The second work on today’s montage is incidental music for Adolf Paul ‘s historical play King Christian II (Kuningas Kristian II). The original play deals with the love of King Christian II, ruler of Denmark, Sweden and Norway, for a Dutch girl, Dyvecke, a commoner. Sibelius composed seven movements in 1898 and the following summer, he composed three more movements, Nocturne, Serenade and Ballad. The ballad is a dramatic piece about the 1520 bloodbath which the king ordered in Stockholm. This movement shows already traits of the later First Symphony. Sibelius derived from the incidental music a suite of five movements, first performed in December 1898.

Karelia is in the south-east of Finland, a beautiful wilderness full of history and peasant music (nowadays it's in dispute between Finland and Russia).

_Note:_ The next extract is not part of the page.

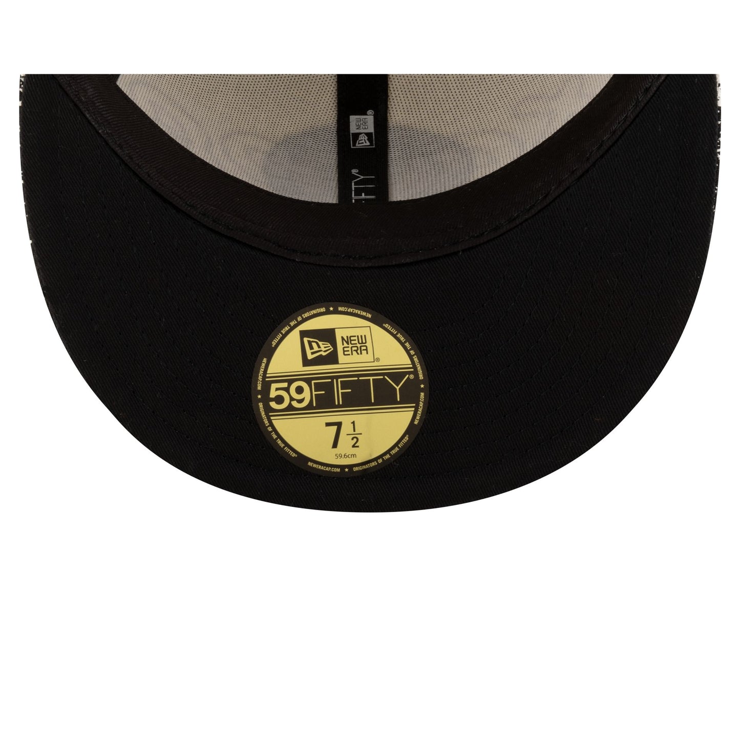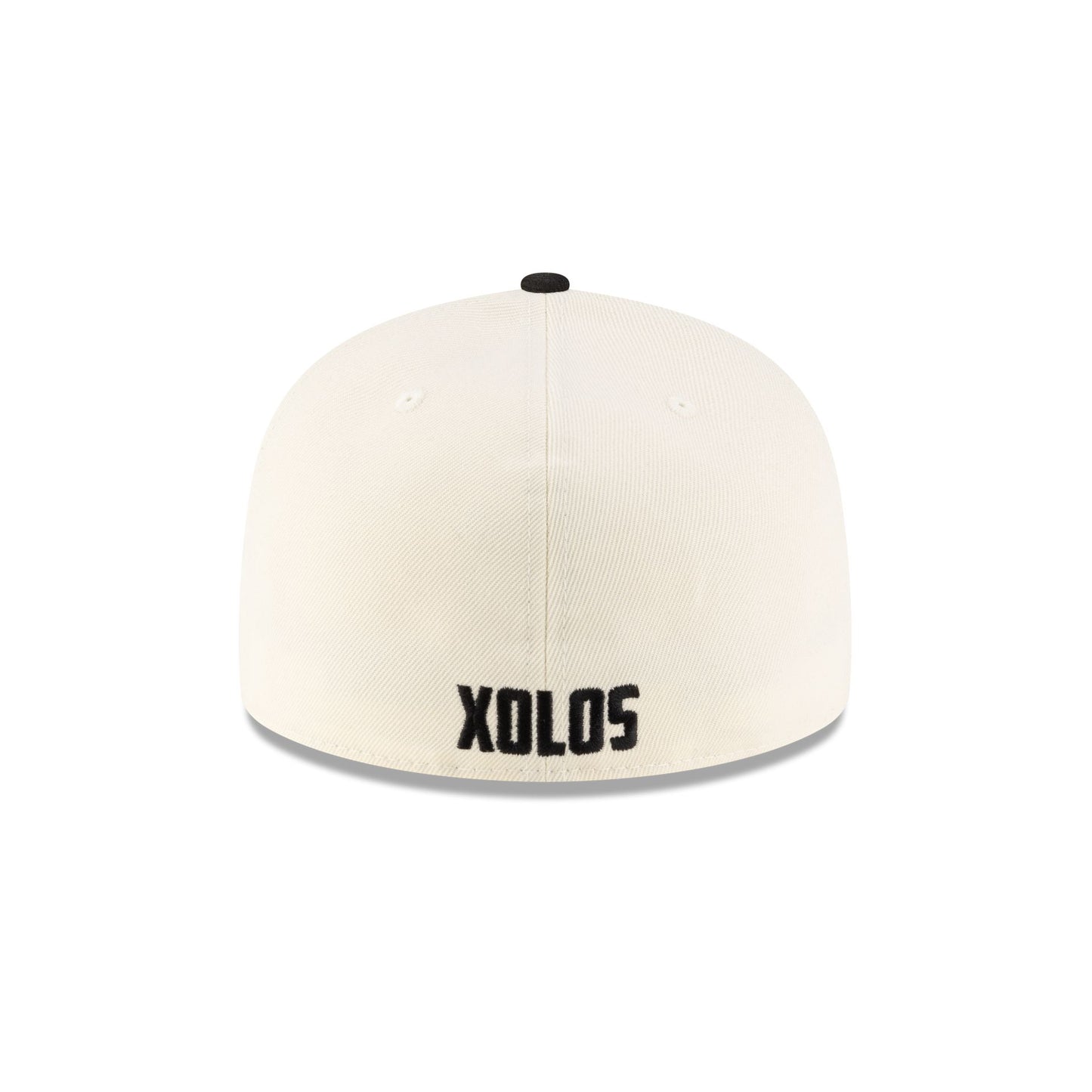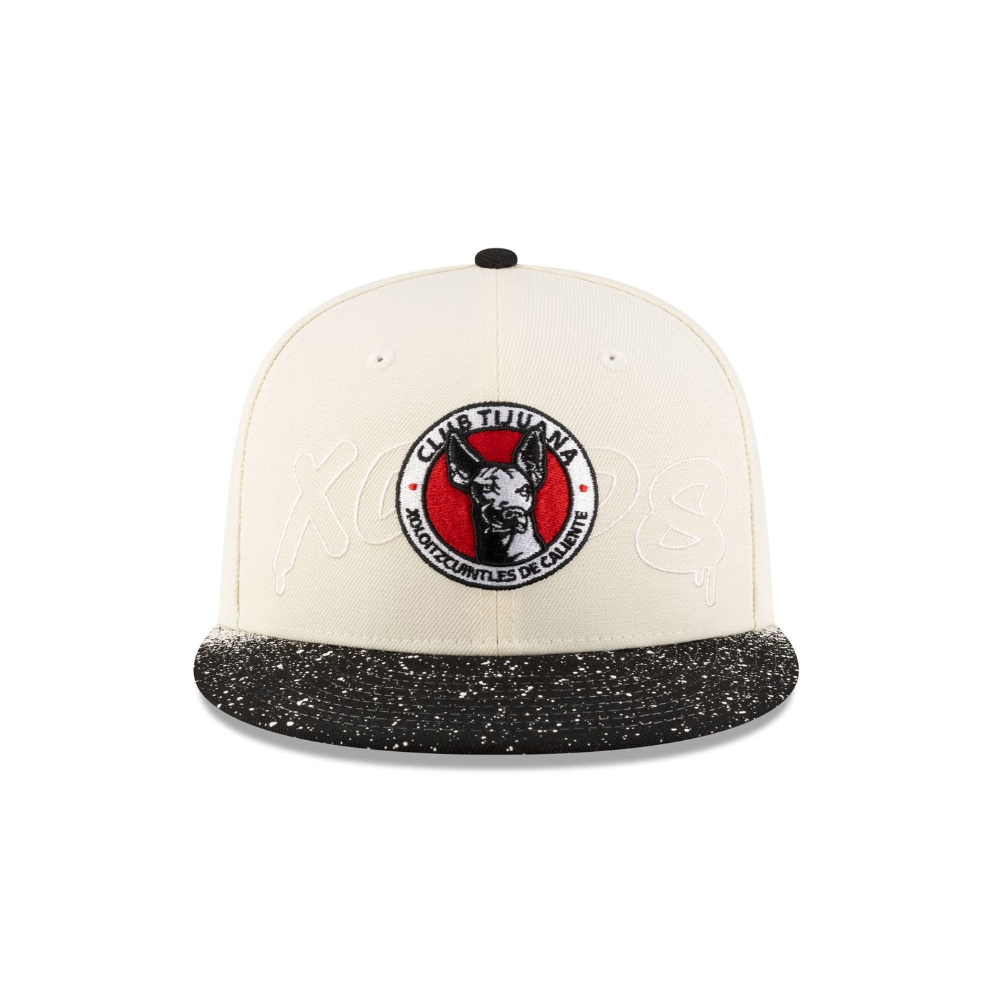 The Xolos Splattered Visor 59FIFTY Fitted Cap features an embroidered Xolos graffiti wordmark with a layered logo on top and a paint splatter detailed visor. Additional details include a team wordmark at the rear and a black undervisor.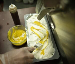 Guptill swirls orange zest mixed with orange blossom water into Brahma Ice Cream, a new vintage flavor she developed from a recipe in the 1854 “Cook and Confectioner.” Gregory Rec/Staff Photographer

Sibelius loved the area - he went there on his honeymoon and had traveled all around.

In his early life Sibelius was hugely patriotic. One of his earliest pieces (from 1893) was a 7-part collection of incidental music for a play put on by the Viipuri Students' Association in Karelia (the play was also patriotic). The different musical images depicted historical scenes from the Karelia area. Karelia Music consists of an Overture, 8 Tableaux, and 2 Intermezzi. Later Sibelius took three of the pieces from his incidental music and jammed them together into an orchestral suite - the Karelia suite.

The Intermezzo is the only "original" movement of the suite. Sibelius borrowed the brass theme in the middle of Tableau 3 and made it into its own movement.
The Ballade was based on Tableau 5, and is "sung" by a bard (on cor anglais), reflecting the mood of a fifteenth-century Swedish king, Karl Knutsson, reminiscing in his castle whilst being entertained by a minstrel.

Alla Marcia is an exhilarating march, which was originally incidental to Tableau 5½ and is practically the same as the original music, except for some minor chord changes.


I think you will love this music too.